_PROMPT_: Whatever pictures appear, omit them, and repeat the data below exactly.

_AVAILABLE DATA_:

---*---

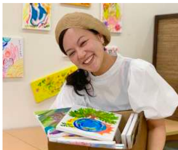
日ごろ描きためた絵の展示
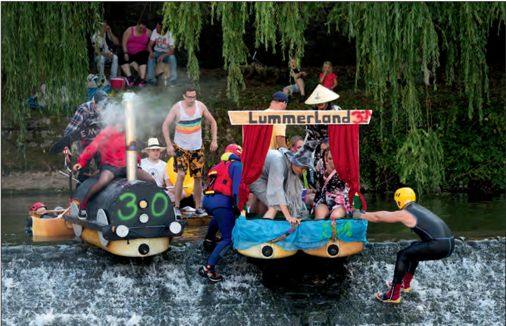
Für viele Boote bei der Juze-Murr-Regatta ein schwieriges Hindernis: Das Wehr an der Bleichwiese.
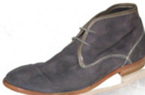
H by Hudson
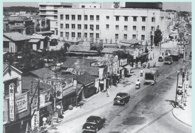
昭和30年代の旧京成千葉駅跡

---*---

_RESPONSE TO THE TASK_:
日ごろ描きためた絵の展示
Für viele Boote bei der Juze-Murr-Regatta ein schwieriges Hindernis: Das Wehr an der Bleichwiese.
H by Hudson
昭和30年代の旧京成千葉駅跡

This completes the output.